Data Profiles

What is a Data Profile?

A data profile provides a comprehensive overview of a dataset. A data profile can be defined as a structured summary of the content and quality of a dataset.

It involves analyzing various aspects of the data, such as its structure, completeness, uniqueness, consistency, and integrity. It also identifies nulls, duplicates, blanks, anomalies, alongside date ranges etc.

In this document, we will look at how to run data profiles in Astera Data Governance.

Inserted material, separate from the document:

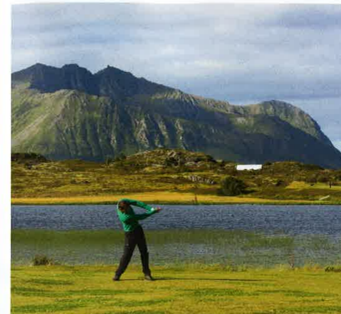
HØYT RANGERT: Sammen med Miklagard Golf (Kløfta), Oslo GK (Bogstad) og Holtmark Golf (Sylling), er Lofoten Links banen som rangeres høyest av golfbanene i Norge.

How to Run a Data Profile?

1. Open the Centerprise client application. Then, go to Project > New > Integration Project to create a new integration project.

Note: Data assets can only be deployed from a project.

image-20230804163939597

2. Next, we will name this project, “Data Profile”, and click Save to save this project.

image-20230804163953939

3. Next, in the Project Explorer panel, right-click on the newly created project and select Add > Add New Item.

image-20230804164010551

4. In the Add New Item window, select Shared Action and click Add. This item can also be renamed using the Name textbox. This file will be added to the Project Explorer panel, under the Data Profile project node.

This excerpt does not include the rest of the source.